[Records drawn from a dataset]
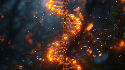 Digital dna strand amidst glowing particles
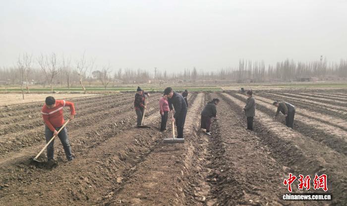 楊永鵬(中)與種植戶(hù)一起春耕。受訪(fǎng)者供圖
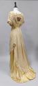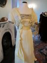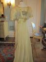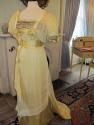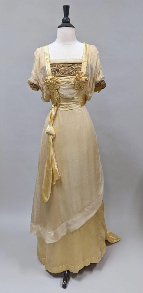 DescriptionDress with yellow silk-satin & chiffon long dress, boned square neck, insert of gold braid and netting, two satin rosettes below braiding, satin tucked cumberbund, tucked chiffon on bodice and sleeves trimmed in satin, short sleeves trimmed in gold braid and satin rosette, back hook and eye closure, side hook and eye closure trimmed in chiffon ruching ending in rosette, cotton underskirt with pleated chiffon hem, train.
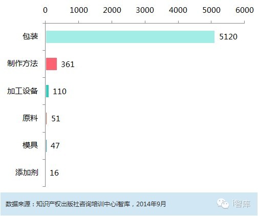 月饼专利中,涉及包装材料的专利占89.7%,月饼制作方法的占6.3%,加工设备占1.9%,原料、模具和添加剂所占比例不足1%。
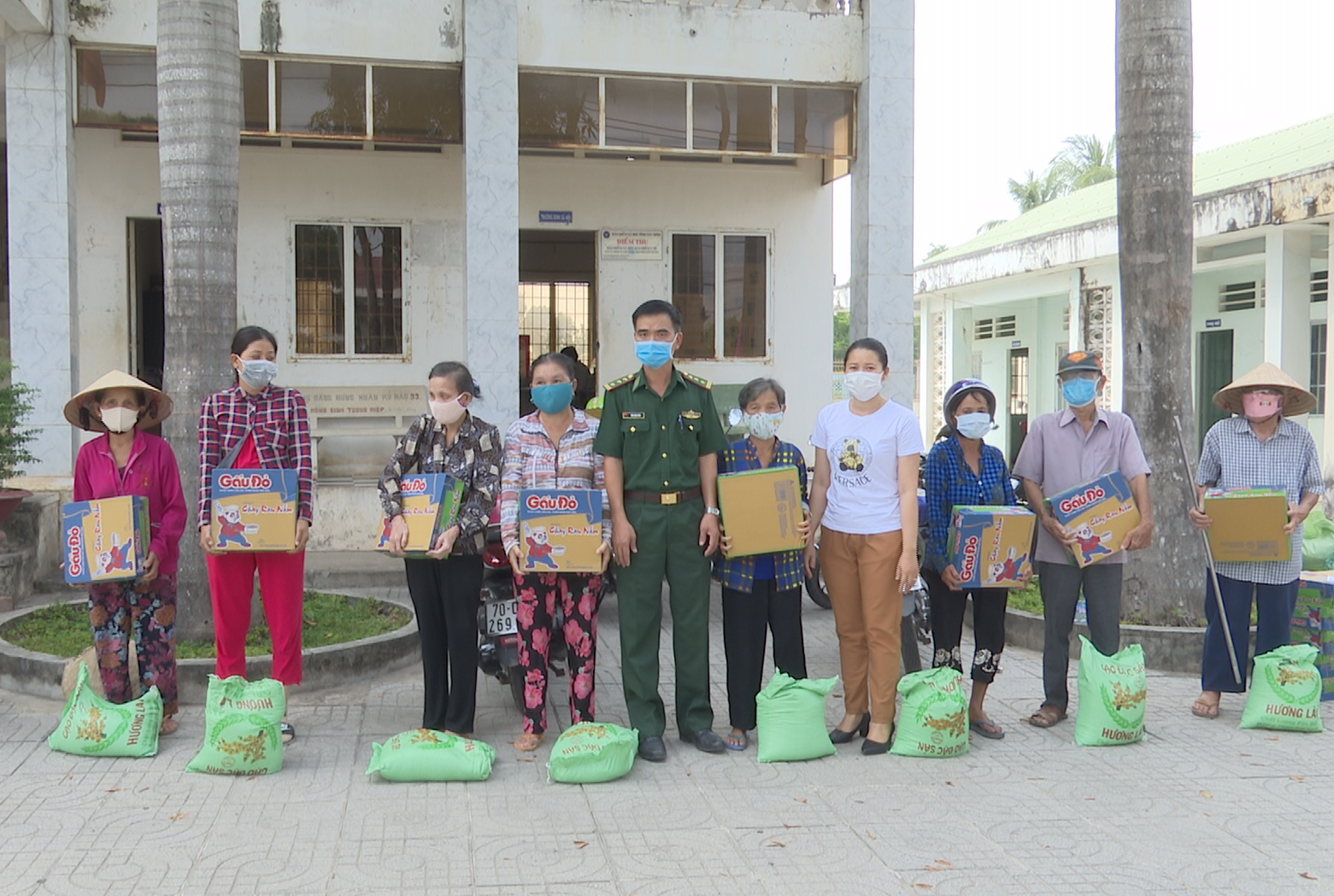 Mỗi phần quà gồm các nhu yếu phẩm có trị giá 300.000 đồng, do Đồn Biên phòng CKQT Mộc Bài vận động các mạnh thường quân trong và ngoài địa phương hỗ trợ.
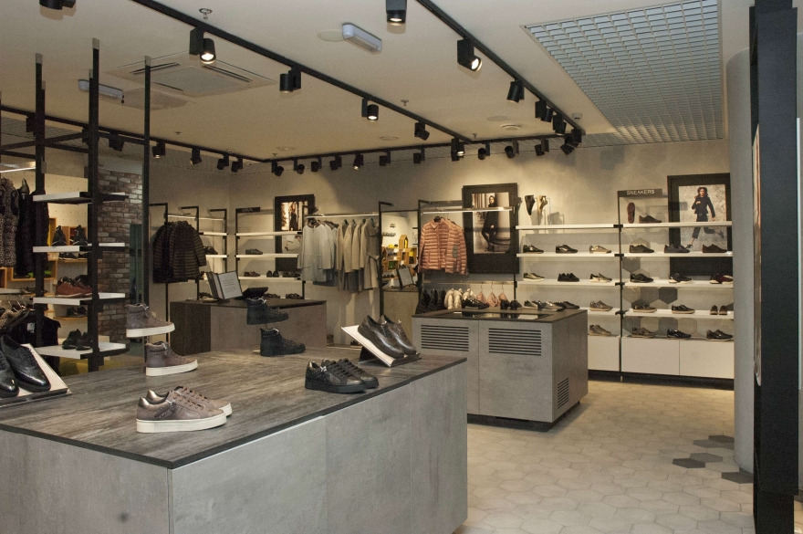 Итальянская марка Geox открыла обновленный магазин в центре Петербурга: на площади 125 кв. метров в ТК «Невский центр» заработал восьмой монобрендовый бутик с коллекциями мужской, женской и детской обуви и верхней одежды. Среди рейлов с фэшн-релизами расположился огромный сенсорный экран, который поможет покупателям узнать про все ключевые технологии марки, подзарядить смартфон и получить доступ к Wi-Fi-сети. Само пространство магазина оформлено в стиле лофт с его характерными элементами: необработанным бетоном, металлом, керамикой и деревом. Большие стеклянные витрины символизируют прозрачность всех процессов на фабриках Geox, а входная дверь с круглыми отверстиями — отсылка к фирменной перфорации в подошве.
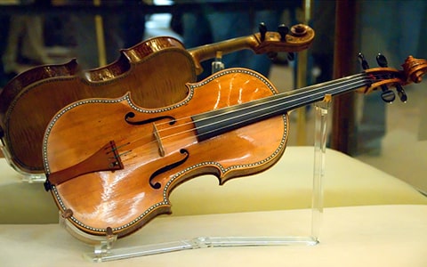 17世紀に活躍した名工アントニオ・ストラディバリが手がけた「ストラディバリウス」。この広間では、世界最大規模とされるストラディバリウスの弦楽器コレクションをご覧いただけます。音楽の歴史と芸術性が詰まった特別な空間です!
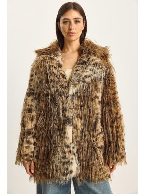 Bianco Lucci Kahverengi Leopar Desenli Yakalı Astarlı Premium Suni Kürk Kaban Bej
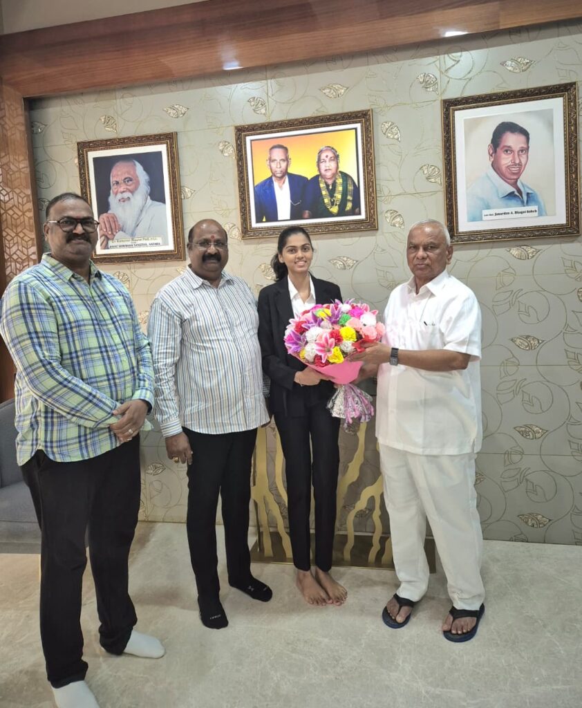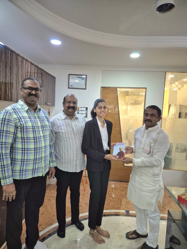 कार्मेल कॉन्व्हेंट हायस्कुल, कळम्बोली ची विध्यार्थिनी कु.कनिष्का गणेश गायकर हि दहावी बोर्डाच्या परीक्षेत 98.4 % गुण मिळवून उत्तीर्ण झाली.आदरणीय लोकनेते मा. खासदार रामशेठ ठाकूर साहेब आणि कार्यसम्राट आमदार प्रशांत दादा ठाकूर यांनी आज तिचे अभिनंदन करीत तिच्या पुढील शिक्षणाविषयी माहिती घेत तिला भरभरून शुभेच्छा दिल्या.याप्रसंगी ओबीसी जिल्हा अध्यक्ष राजेश गायकर, कनिष्काचे वडील गणेश गायकर उपस्थित होते.
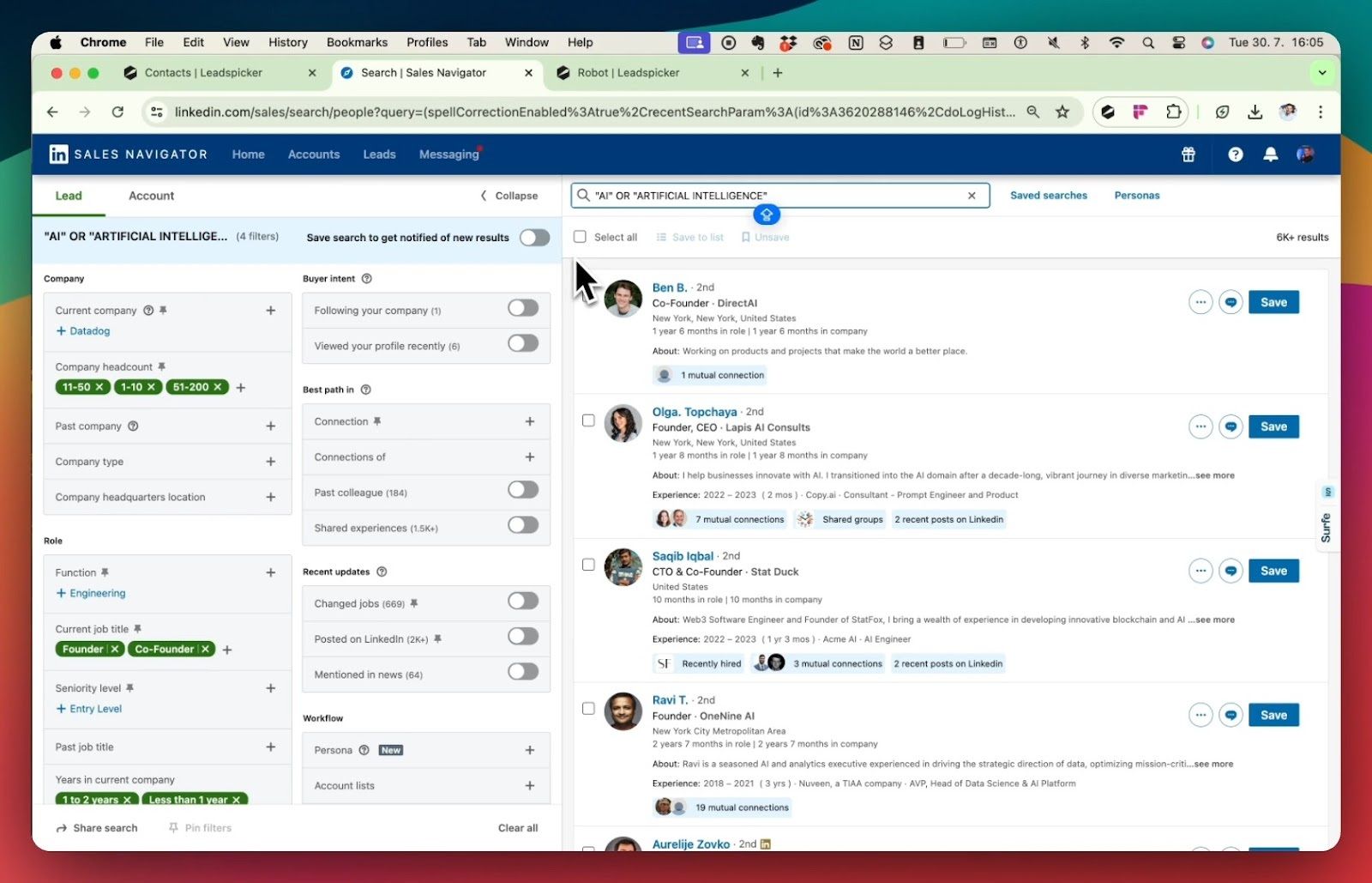 To achieve this, we utilized basic search filters in Sales Navigator and employed a boolean query “AI” OR “Artificial Intelligence” to further narrow down the search for our specific purpose.

Your goal
Give back exactly the lines above that run from the one with "月饼专利中,涉及包装材料的专" to the one with "Mỗi phần quà", including both, with the pictures left out.

Output of the exercise
 月饼专利中,涉及包装材料的专利占89.7%,月饼制作方法的占6.3%,加工设备占1.9%,原料、模具和添加剂所占比例不足1%。
 Mỗi phần quà gồm các nhu yếu phẩm có trị giá 300.000 đồng, do Đồn Biên phòng CKQT Mộc Bài vận động các mạnh thường quân trong và ngoài địa phương hỗ trợ.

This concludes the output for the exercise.